I'm looking for any suggestions for making suspend/resume work on FreeBSD 9.0-BETA3 on an ASUS EEE PC 1015 PE.

It was working on 8.2-RELEASE, with some cosmetic issues which I believe are related to the unfinished state of the intel29 driver.  The graphical console would be somewhat messed up following a resume (following any switch to and back from a virtual terminal, actually), but it would clean up as apps redrew their windows.

Unfortunately, the wireless driver (atheros 9285) has major problems on 8.2.  The atheros driver works great on 9.0-BETA3, but the system freezes on a blank text screen while trying to resume.
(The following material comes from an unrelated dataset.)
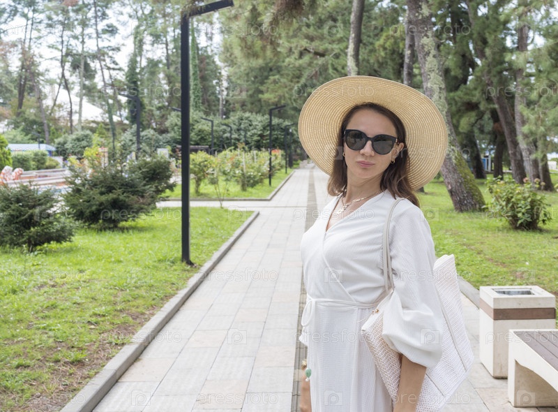 Привлекательная женщина в кремовом белом наряде, соломенной шляпе и солнцезащитных очках в парке для прогулки

I've updated the latest development version of sysutils/desktop-installer to support the EEE PC with no additional manual configuration.  As of now, one can set up a fully functional desktop system on an EEE PC just by running the desktop-installer script after a basic OS installation, and following the on-screen instructions.

Suspend/resume is the last major issue remaining, and I'm out of ideas at the moment.  I've tried everything on http://wiki.freebsd.org/AsusEee.

I'd like to resolve this before submitting the next update for desktop-installer, which I'd love to do in time for 9.0-RELEASE.

As a side note, EasyPeasy (Modified Ubuntu for netbooks) hangs after resuming as well, although it does successfully redraw the X11 console, and can be gracefully shut down by tapping the power button.

Thanks.


----------